(Material shown begins)

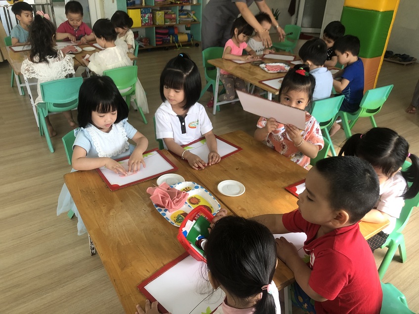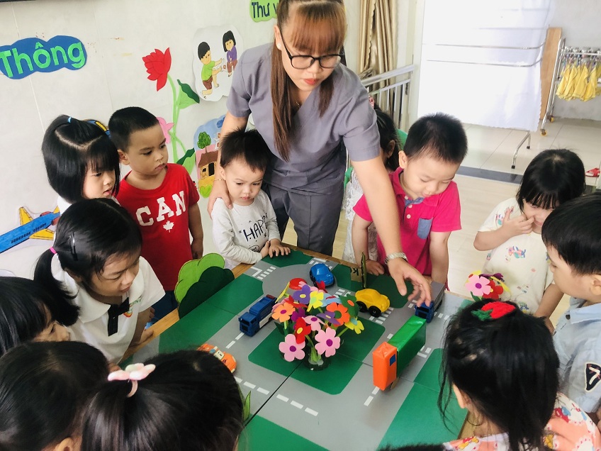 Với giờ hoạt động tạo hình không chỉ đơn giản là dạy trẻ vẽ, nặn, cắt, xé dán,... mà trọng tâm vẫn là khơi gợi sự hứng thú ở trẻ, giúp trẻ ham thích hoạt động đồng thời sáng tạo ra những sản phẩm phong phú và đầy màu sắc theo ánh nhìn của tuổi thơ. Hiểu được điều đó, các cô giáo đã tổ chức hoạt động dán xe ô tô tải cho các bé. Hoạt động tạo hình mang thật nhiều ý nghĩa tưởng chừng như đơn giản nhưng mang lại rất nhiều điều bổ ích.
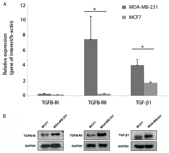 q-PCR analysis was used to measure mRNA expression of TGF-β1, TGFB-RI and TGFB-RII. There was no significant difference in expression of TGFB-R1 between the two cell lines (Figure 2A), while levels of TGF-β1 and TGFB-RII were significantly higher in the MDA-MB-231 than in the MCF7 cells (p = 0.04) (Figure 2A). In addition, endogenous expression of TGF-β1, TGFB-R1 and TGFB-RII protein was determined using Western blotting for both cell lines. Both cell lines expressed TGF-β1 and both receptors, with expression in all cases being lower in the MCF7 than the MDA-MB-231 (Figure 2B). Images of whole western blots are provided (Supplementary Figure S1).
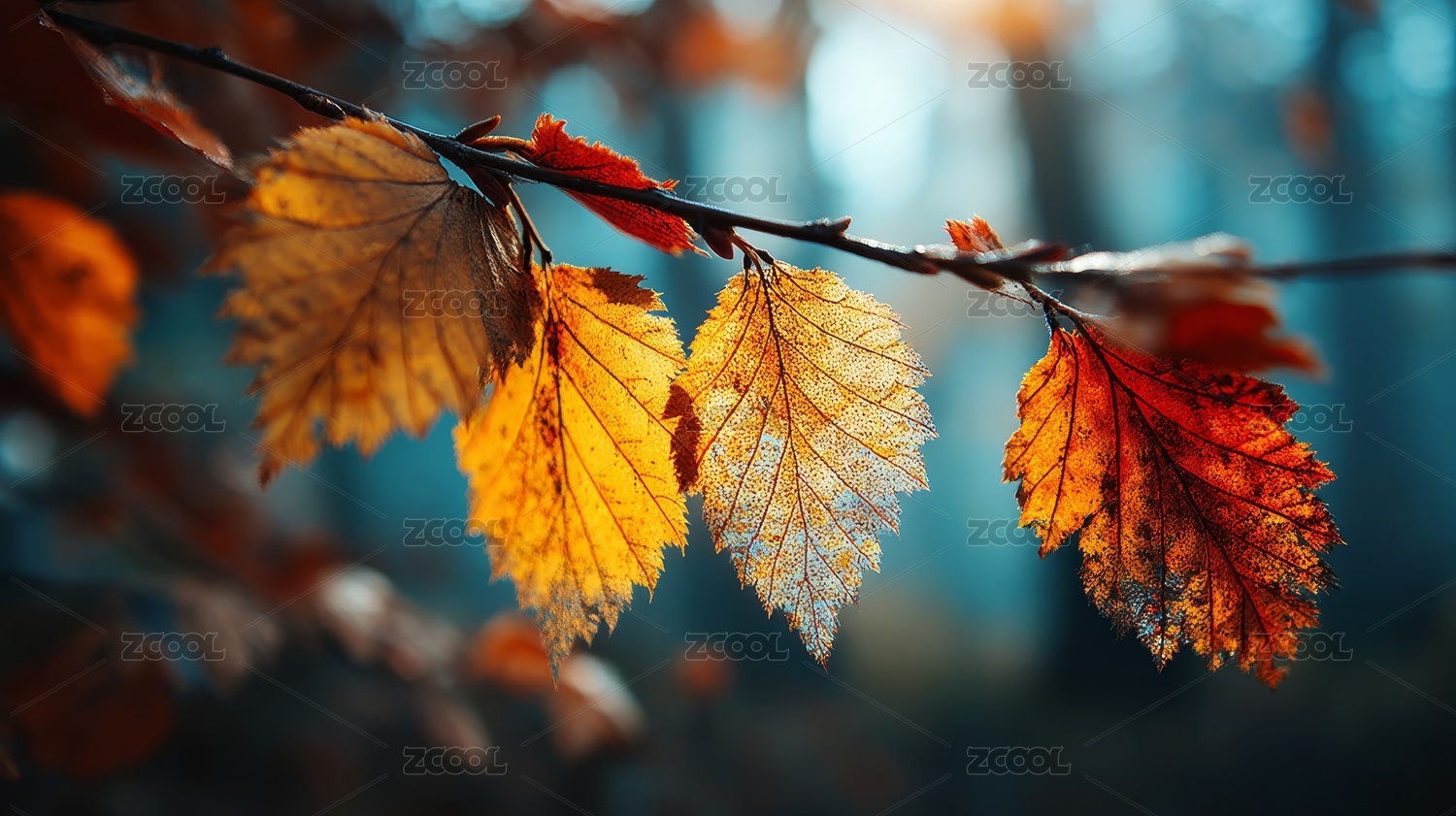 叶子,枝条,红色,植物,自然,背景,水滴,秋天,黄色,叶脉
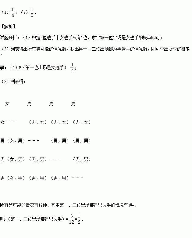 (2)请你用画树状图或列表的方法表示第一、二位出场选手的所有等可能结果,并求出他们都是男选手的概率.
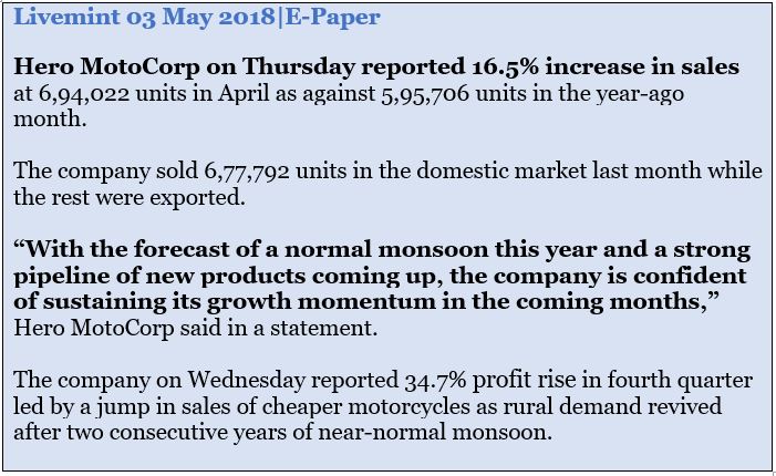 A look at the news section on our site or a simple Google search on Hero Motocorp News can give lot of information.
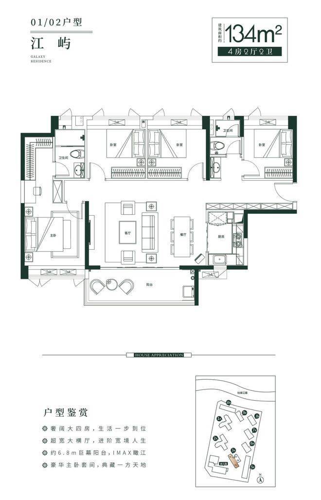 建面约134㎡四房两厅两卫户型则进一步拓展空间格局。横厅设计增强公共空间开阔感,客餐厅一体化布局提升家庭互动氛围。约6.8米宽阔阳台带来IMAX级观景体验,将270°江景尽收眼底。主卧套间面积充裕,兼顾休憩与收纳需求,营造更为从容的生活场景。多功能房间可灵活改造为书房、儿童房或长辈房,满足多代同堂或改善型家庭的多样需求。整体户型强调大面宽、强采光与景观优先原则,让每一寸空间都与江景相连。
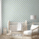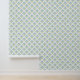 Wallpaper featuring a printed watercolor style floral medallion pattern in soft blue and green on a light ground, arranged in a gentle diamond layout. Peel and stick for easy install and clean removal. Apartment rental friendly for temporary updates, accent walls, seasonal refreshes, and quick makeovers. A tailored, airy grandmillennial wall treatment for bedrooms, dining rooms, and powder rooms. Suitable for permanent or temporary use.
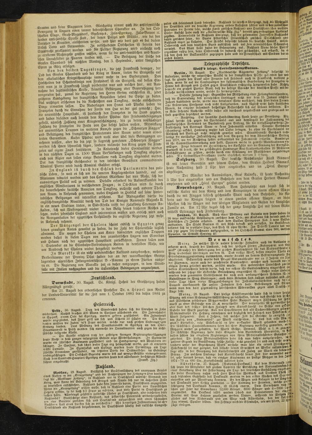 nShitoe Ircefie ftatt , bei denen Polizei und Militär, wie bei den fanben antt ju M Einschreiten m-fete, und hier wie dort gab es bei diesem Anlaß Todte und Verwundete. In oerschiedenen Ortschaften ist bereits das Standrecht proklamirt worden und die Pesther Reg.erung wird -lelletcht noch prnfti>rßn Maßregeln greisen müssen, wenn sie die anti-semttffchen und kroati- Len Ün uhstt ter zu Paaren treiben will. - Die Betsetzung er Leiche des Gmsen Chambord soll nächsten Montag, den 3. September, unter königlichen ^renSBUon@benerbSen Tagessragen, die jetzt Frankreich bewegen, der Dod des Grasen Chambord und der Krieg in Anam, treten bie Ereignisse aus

(Material shown ends)
(Material shown begins)

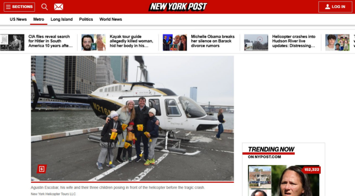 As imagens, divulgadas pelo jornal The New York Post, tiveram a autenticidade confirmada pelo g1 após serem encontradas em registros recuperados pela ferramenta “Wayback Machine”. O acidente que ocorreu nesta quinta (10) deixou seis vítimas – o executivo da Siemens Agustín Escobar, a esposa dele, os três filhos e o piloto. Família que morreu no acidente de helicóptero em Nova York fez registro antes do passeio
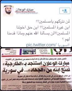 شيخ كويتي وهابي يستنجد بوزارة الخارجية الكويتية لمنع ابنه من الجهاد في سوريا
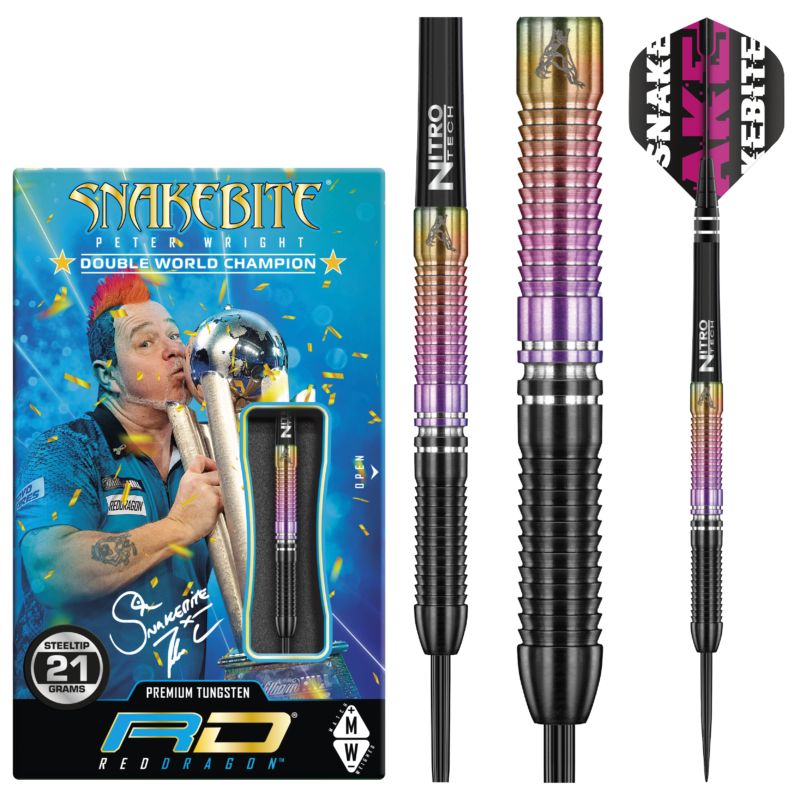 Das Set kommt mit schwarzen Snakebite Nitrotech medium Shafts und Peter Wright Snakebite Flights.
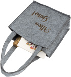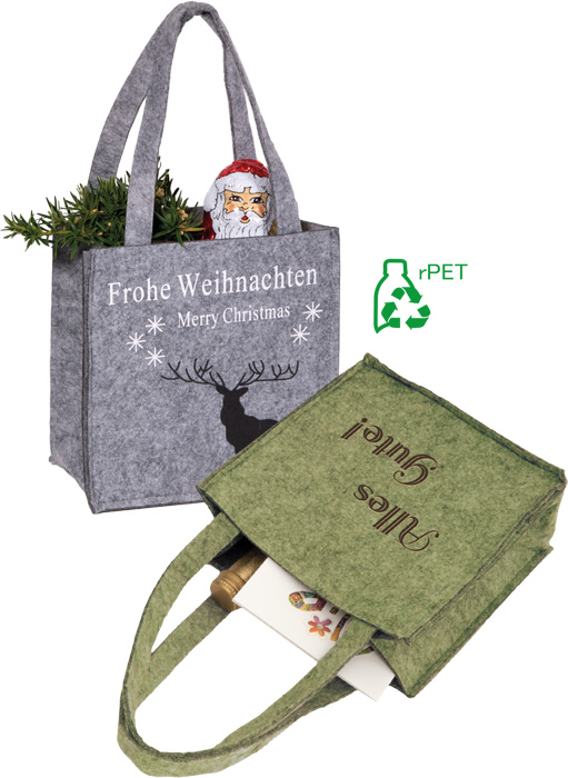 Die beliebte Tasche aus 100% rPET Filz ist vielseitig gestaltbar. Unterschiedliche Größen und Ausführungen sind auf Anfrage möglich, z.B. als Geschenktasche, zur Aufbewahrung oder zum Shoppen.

(Material shown ends)

Copy exactly the lines of the entries above from the one containing "q-PCR analysis was" through the one containing "Wallpaper featuring a". Both end lines count; pictures do not.

Answer to this problem
 q-PCR analysis was used to measure mRNA expression of TGF-β1, TGFB-RI and TGFB-RII. There was no significant difference in expression of TGFB-R1 between the two cell lines (Figure 2A), while levels of TGF-β1 and TGFB-RII were significantly higher in the MDA-MB-231 than in the MCF7 cells (p = 0.04) (Figure 2A). In addition, endogenous expression of TGF-β1, TGFB-R1 and TGFB-RII protein was determined using Western blotting for both cell lines. Both cell lines expressed TGF-β1 and both receptors, with expression in all cases being lower in the MCF7 than the MDA-MB-231 (Figure 2B). Images of whole western blots are provided (Supplementary Figure S1).
 叶子,枝条,红色,植物,自然,背景,水滴,秋天,黄色,叶脉
 (2)请你用画树状图或列表的方法表示第一、二位出场选手的所有等可能结果,并求出他们都是男选手的概率.
 A look at the news section on our site or a simple Google search on Hero Motocorp News can give lot of information.
 建面约134㎡四房两厅两卫户型则进一步拓展空间格局。横厅设计增强公共空间开阔感,客餐厅一体化布局提升家庭互动氛围。约6.8米宽阔阳台带来IMAX级观景体验,将270°江景尽收眼底。主卧套间面积充裕,兼顾休憩与收纳需求,营造更为从容的生活场景。多功能房间可灵活改造为书房、儿童房或长辈房,满足多代同堂或改善型家庭的多样需求。整体户型强调大面宽、强采光与景观优先原则,让每一寸空间都与江景相连。
 Wallpaper featuring a printed watercolor style floral medallion pattern in soft blue and green on a light ground, arranged in a gentle diamond layout. Peel and stick for easy install and clean removal. Apartment rental friendly for temporary updates, accent walls, seasonal refreshes, and quick makeovers. A tailored, airy grandmillennial wall treatment for bedrooms, dining rooms, and powder rooms. Suitable for permanent or temporary use.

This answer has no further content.